Les précurseurs utilisés pour le SILAR peuvent être les mêmes que pour le dépôt en bain chimique. Néanmoins, le thiosulfate peut être remplacé par le sulfure de sodium (Na2S). Cela permet de réduire l’introduction d’atomes d’oxygène dans la couche. Cependant, le dépôt obtenu n’est jamais observé sous forme de couche homogène sur les nanostructures de TiO2, mais plus souvent sous forme d’agglomérats comme en témoigne la Figure II-29a représentant des nanoparticules de Sb2S3 déposées sur un film mésoporeux de TiO2 [289]. Malgré tout, le photocourrant généré avec un tel dépôt est relativement élevé en comparaison avec d’autres matériaux comme l’In2S3 ou le Bi2S3 (Figure II-29b) [290].

Figure II-30 : Absorption de la lumière d’une couche de Sb2S3 déposée sur du TiO2 par SILAR en fonction (a) du nombre de cycles (de 0 à 7 cycles) [288] et (b) de la température de cristallisation après dépôt [86].

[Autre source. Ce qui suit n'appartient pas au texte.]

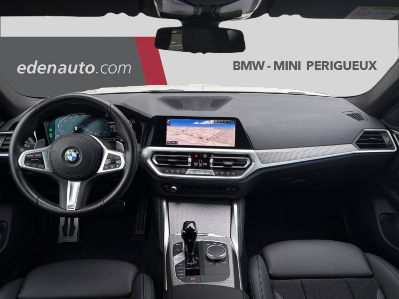 2 porte-gobelets sur la console centrale / 5 places / ABS, y compris assistant de freinage / Active Guard Plus Avertissement de collision frontale avec intervention de freinage grâce à un radar et à une caméra (entre 5 km/h et 250 km/h) - Avertissement de chauvechement de ligne avec impulsion sur la direction - Assistance de limitation de vitesse avec informations de limite de vitesse / Alarme antivol / Appel d'Urgence Intelligent (durée de vie de la voiture) / Avertisseur de franchissement de ligne avec intervention dans la direction / BMW EfficientDynamics / BMW Live Cockpit Navigation Pro / Boîte de vitesses automatique 8 rapports / Capacité du reservoir augmentée / Carte SIM 4G LTE pour les Services ConnectedDrive / Ceintures de sécurité 3 points pour toutes les places / Ciel de pavillon M Anthracite / Clés radiocommandées à mémorisation automatique des réglages "Personal Profile" / Commande électrique du volet de coffre / Connectivité avancée avec recharge sans fil par induction / Connexion multiple de téléphones / Contrôle de freinage en courbe CBC / Controller iDrive avec touches de raccourci / Désignation du modèle sur la malle à gauche / Détecteur de pluie et allumage automatique des projecteurs / Direction DirectDrive à démultiplication variable / Direction Servotronic à assistance variable en fonction de la vitesse / Eclairage d'accueil / Eclairage d'ambiance Eclairage lumineux dynamique pour 4 applications (bienvenue, au revoir, portes ouvertes et appel téléphonique) dans 9 coloris différents du tableau de bord, des panneaux de portes et de la console centrale. Comprend également les liseuses arrière, l'éclairage du rangement de l'accoudoir central avant et poignées d'ouverture de porte (intérieur et extérieur) ainsi qu'un éclairage de bienvenue avec tapis de lumière / Eclairage dans le coffre / Ecrous de roues antivol / Eléments extérieurs (poignées de portes et baguettes de toit) couleur carrosserie / Feux de croisement et feux de route à technologie Bi-LED / Feux de jour et clignotants AV/AR à LED / Frein de parking électromécanique avec fonction Auto-Hold / Grilles de calandre "Mesheffect" avec pépites en aluminium et cadres en chrome brillant / Hotspot Wi-Fi / Hybridation légère (48V) / Indicateur de limitation de vitesse / Inserts décoratifs Aluminium Tetragon soulignés de chrome perlé / Interface Bluetooth / Jantes en alliage léger 18'' style 858 M bicolores à rayons doubles 8,5 J x 18 / pneus 245/45 R 18 / Kit Eclairage / Kit rangement / Lève-vitres AV électriques avec commande par impulsion et protection anti-coincement / Mesure individuelle de pression des pneumatiques / Notice d'utilisation de la voiture intégrée et carnet d'entretien électronique avec BMW Service History / Ordinateur de bord avec Check-Control et indicateur de température extérieure / Pack Aérodynamique M / Pack Connected Pro / Park Assist / Préparation pour feux de route anti-éblouissement / Prises USB (1 type A dans la console centrale et 1 type C dans l'accoudoir central) / Protection active des piétons / Rampe commune de 3ème génération et un turbocompresseur à géométrie variable / Réglage de la largeur du dossier conducteur / Régulateur de vitesse avec fonction de freinage et limiteur de vitesse / Rétroviseur intérieur électrochrome / Rétroviseurs extérieurs couleur carrosserie et chauffants avec rappels de clignotants intégrés / Sélecteur de mode de conduite - (3 modes) ECO PRO, Comfort, Sport / Sellerie Alcantara / Similicuir Sensatec "Schwarz" avec surpiqûres contrastantes Bleues / Services Après-vente connectés BMW TeleServices (durée de vie de la voiture) - Appel Automatique - Appel Manuel - Appel "BMW Assistance - Teleservice Battery Guard - Appel Hotline / Services ConnectedDrive (Apps véhicules) (3 ans) / Seuils de portes avec inscription BMW / Shadow Line M brillant Eléments en noir à haute brillance : - Panneaux de garnissage des montants B et C - Encadrement extérieur des vitres latérales - Pieds et triangles des rétroviseurs extérieurs - Rails de toit (Touring) / Sièges Advanced conducteur et passager AV réglables en hauteur et inclinaison du dossier (sans réglage de largeur du dossier) / Sortie d'échappement simple à gauche et à droite de 90 mm / Suspensions DirectDrive / Système anti-collision à basse vitesse / Système de récupération de l'énergie au freinage / Tapis de sol en velours / Technologie 4 roues motrices intelligente xDrive / Technologie BMW TwinPower Turbo avec injection directe / Teinte de carrosserie unie (Alpinweiss) / Touches multifonctions sur le volant / Triangle de présignalisation avec kit de premiers secours / Tuner DAB Inclus DAB+. Permet la réception de la radio numérique en plus de la radio analogique et offre une qualité sonore proche du CD. Des informations supplémentaires comme le titre et l'interprète sont transmises sous forme de texte. La Radio Numérique Terrestre est disponible à Paris, Marseille, Nice et Monaco, Lille, Lyon, Nantes, Rouen, Strasbourg et Toulouse. Les stations de radio numériques sont essentiellement des stations associatives, locales ou indépendantes / Verrouillage centralisé des portes, du coffre et de la trappe à essence / Vitres avec protection contre la chaleur et le soleil / Volant M gainé cuir Trois branches, aplati en bas et marque à 12 heures en noir. Volant en cuir noir 'Walknappa' avec surpiqûres noires, inserts chrome nacré et repose-pouce dans le volant. Logo M sur la base du volant.

Les propriétés optiques et électriques du matériau dépendent des paramètres SILAR et du recuit de cristallisation effectué après le dépôt. En effet, l’évolution de l’absorption de la lumière en Figure II-30a et II-30b est caractéristique de ces phénomènes. D’une part, l’absorption augmente avec le nombre de cycles SILAR (Figure II-30a) [288], donc avec l’épaisseur de matériau. D’autre part, le recuit de cristallisation joue également sur la qualité d’absorption du matériau en Figure II-30b [86]. En effet, un

recuit trop faible en température ne permet pas une bonne absorption de la lumière, entraînant la détérioration des caractéristiques photovoltaïques par la suite.